> [INPUT]
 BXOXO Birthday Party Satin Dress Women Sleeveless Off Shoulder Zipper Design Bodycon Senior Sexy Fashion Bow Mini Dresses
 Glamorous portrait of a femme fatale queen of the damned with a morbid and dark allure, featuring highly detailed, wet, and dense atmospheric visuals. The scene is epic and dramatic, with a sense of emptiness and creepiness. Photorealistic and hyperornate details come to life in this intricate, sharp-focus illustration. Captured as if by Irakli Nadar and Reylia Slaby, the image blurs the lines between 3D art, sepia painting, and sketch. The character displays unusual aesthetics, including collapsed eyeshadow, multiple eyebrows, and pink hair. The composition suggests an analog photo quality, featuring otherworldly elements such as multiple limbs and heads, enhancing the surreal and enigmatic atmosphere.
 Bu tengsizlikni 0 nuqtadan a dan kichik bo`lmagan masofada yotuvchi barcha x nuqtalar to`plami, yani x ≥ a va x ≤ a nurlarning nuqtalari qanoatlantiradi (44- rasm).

==

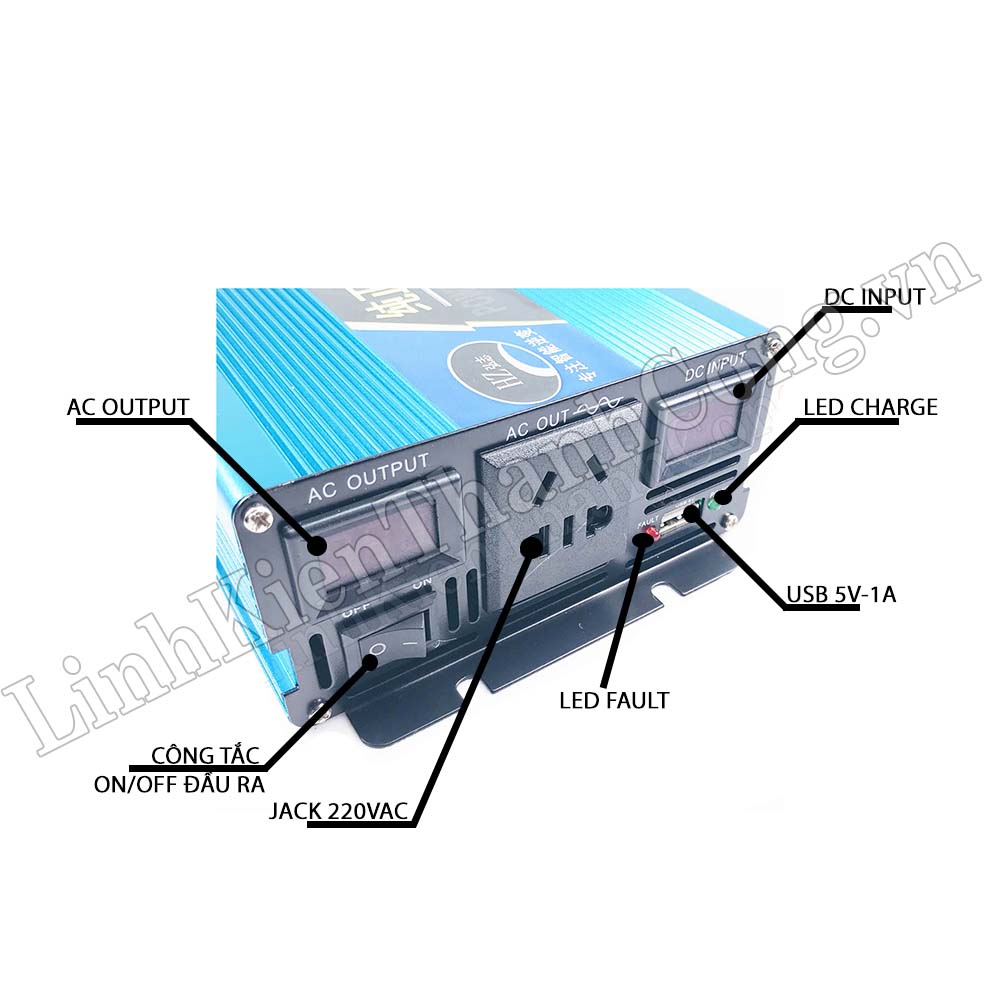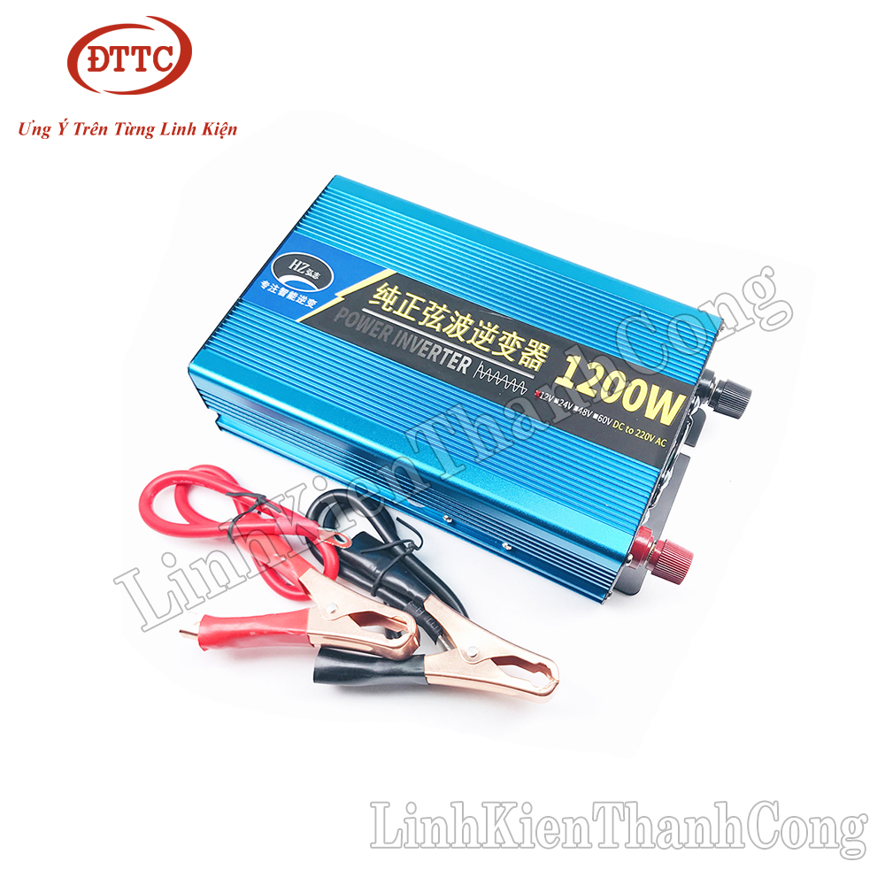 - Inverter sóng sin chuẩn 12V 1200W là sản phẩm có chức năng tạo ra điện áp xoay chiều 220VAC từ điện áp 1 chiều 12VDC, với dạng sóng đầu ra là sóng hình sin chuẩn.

* * *

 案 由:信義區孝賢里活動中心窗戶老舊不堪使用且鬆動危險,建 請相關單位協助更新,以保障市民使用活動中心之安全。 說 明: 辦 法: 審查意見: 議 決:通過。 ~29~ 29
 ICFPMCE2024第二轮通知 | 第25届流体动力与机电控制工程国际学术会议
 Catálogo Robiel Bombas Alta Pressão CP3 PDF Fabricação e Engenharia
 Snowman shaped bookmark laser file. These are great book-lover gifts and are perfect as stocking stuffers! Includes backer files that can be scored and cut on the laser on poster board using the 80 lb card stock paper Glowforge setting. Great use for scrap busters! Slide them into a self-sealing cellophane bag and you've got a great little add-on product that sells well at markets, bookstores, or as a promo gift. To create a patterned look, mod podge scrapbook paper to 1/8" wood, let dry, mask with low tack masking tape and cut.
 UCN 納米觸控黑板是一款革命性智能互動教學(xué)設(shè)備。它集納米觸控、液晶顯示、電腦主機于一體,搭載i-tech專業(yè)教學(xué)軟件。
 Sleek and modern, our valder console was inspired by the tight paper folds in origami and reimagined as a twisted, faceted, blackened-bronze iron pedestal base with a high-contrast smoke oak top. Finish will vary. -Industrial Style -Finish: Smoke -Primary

> [ABOUT THIS EXERCISE] Take the line above containing "BXOXO Birthday Party", the line containing "Bu tengsizlikni 0", and all lines in between, and copy them exactly without anything else.

> [COMPLETED TASK]
 BXOXO Birthday Party Satin Dress Women Sleeveless Off Shoulder Zipper Design Bodycon Senior Sexy Fashion Bow Mini Dresses
 Glamorous portrait of a femme fatale queen of the damned with a morbid and dark allure, featuring highly detailed, wet, and dense atmospheric visuals. The scene is epic and dramatic, with a sense of emptiness and creepiness. Photorealistic and hyperornate details come to life in this intricate, sharp-focus illustration. Captured as if by Irakli Nadar and Reylia Slaby, the image blurs the lines between 3D art, sepia painting, and sketch. The character displays unusual aesthetics, including collapsed eyeshadow, multiple eyebrows, and pink hair. The composition suggests an analog photo quality, featuring otherworldly elements such as multiple limbs and heads, enhancing the surreal and enigmatic atmosphere.
 Bu tengsizlikni 0 nuqtadan a dan kichik bo`lmagan masofada yotuvchi barcha x nuqtalar to`plami, yani x ≥ a va x ≤ a nurlarning nuqtalari qanoatlantiradi (44- rasm).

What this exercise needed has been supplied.